2007-12-07 00:18:39 · answer #1 · answered by Duke 7 · 1⤊ 0⤋
Let a = -1 and b = 2 then
a + b = 1 and
(a+1/a)^2+(b+1/b)^2 = 9/4 which is less than 25/2 = 50/4
So it is not true.
Edit: Thanks for showing the error of my ways Raistlin.

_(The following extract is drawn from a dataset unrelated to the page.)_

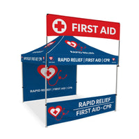 We use a dye sublimation process which gives the tent a clean and high-quality print look. This method is used with heat transfer creating vibrant colors and a special laminate layer providing additional production against UV and moisture. This printing method ensures a high-quality look and offers durability to endure normal outdoor weather conditions.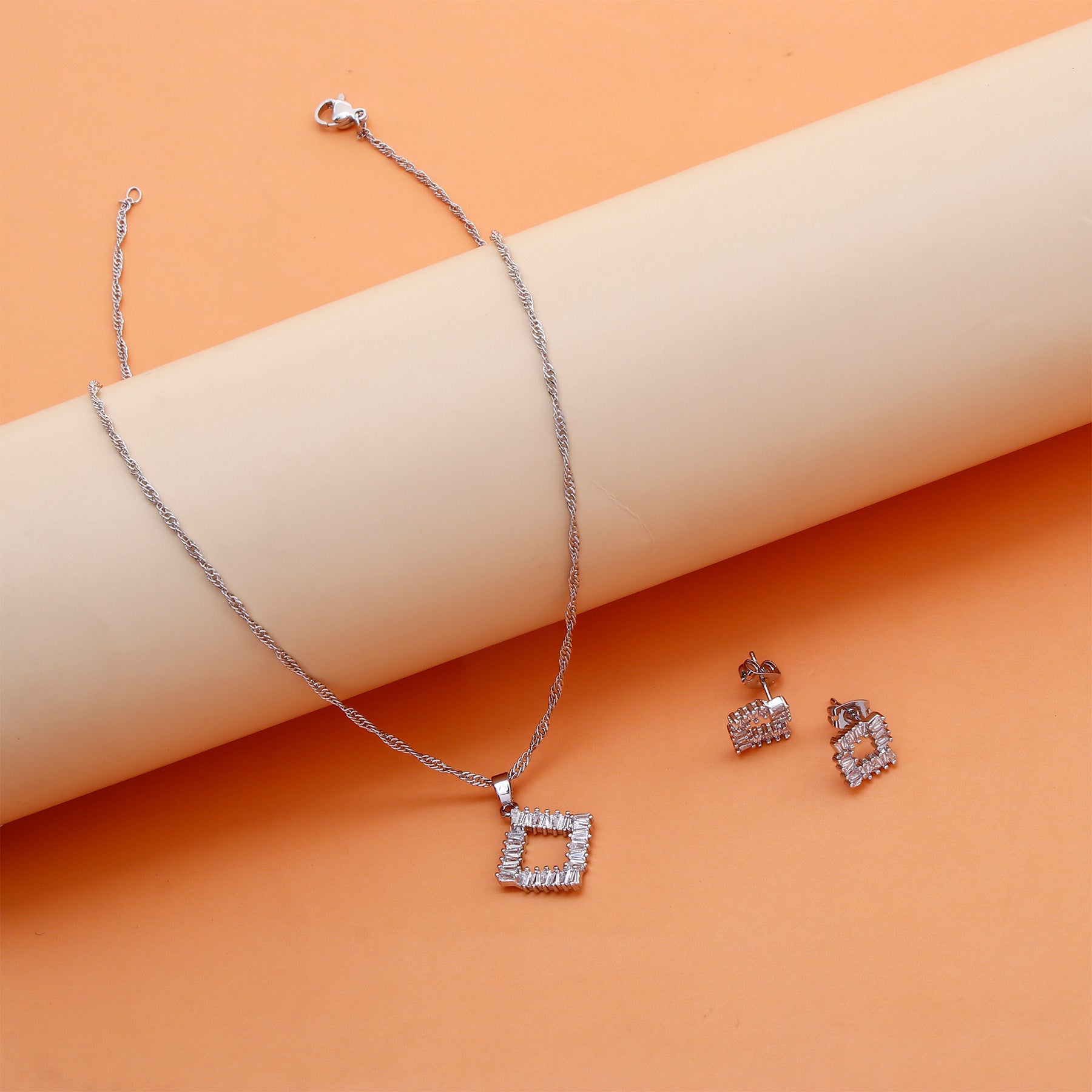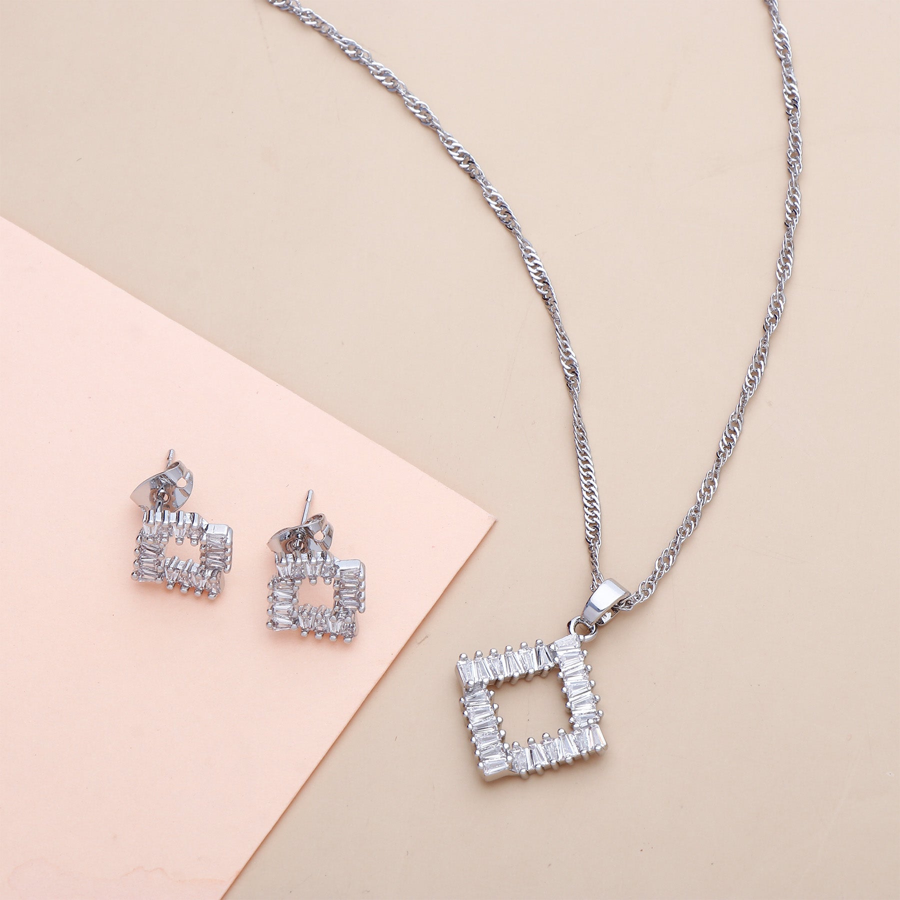 Add a touch of elegance to your lifestyle with this stunning earring and pendant set. Expertly crafted to enhance your everyday look or complement special occasion wear, this set blends classic charm with modern finesse. The intricate design of the pendant is perfectly balanced by matching earrings that sparkle with every movement. Whether it's a gift for someone special or a personal indulgence, this jewellery set is sure to turn heads and capture hearts.

I've been reading too many questions where people forget parentheses and write x+1/a when they mean (x+1)/a. Now I'm beginning to think like them. Scary. But then again maybe that's what the original asker DID mean? :-D
2007-12-07 04:59:22 · answer #2 · answered by Demiurge42 7 · 0⤊ 0⤋
I have the answer in the last 2 paragraphs you may skip to there if you don't want to see my trial and error...
How about a=3 and b= -2
So that makes:
((3)+1/(3))^2 + ((-2)+1/(-2))^2 > 12.5
(4/3)(4/3) + (-1/-2)(-1/-2) >12.5
(4/3)(4/3) + (1/2)(1/2) >12.5
16/9 + 1/4 <12.5
64/36 + 9/36 = 73/36
2+1/36 is NOT greater than 25/2
Ok.... what about a=100 and b= -99
So we have:
(101/100)(101/100) + (98/99)(98/99)
10201/10000 + 9604/9801
1060200001/980100000
1 + 80100001/980100000 is NOT Greater than 25/2
Ok... what about a=1 and b=0
So we have:
(2/1)(2/1) + (1/0)(1/0)
Doesn't work...
Ok... what about a = 2 and b= -1
So we have:
(3/2)(3/2) + (0/-1)(0/-1)
Doesn't work either...
What about a = .5 and b = .5
So we have:
(1.5/.5)(1.5/.5) + (1.5/.5)(1.5/.5)
2.25/.25 + 2.25/.25
4.5/.25 = 18
CLOSER!
a= .05 and b= .95
(1.05/.05)(1.05/.05) + (1.95/.95)(1.95/.05)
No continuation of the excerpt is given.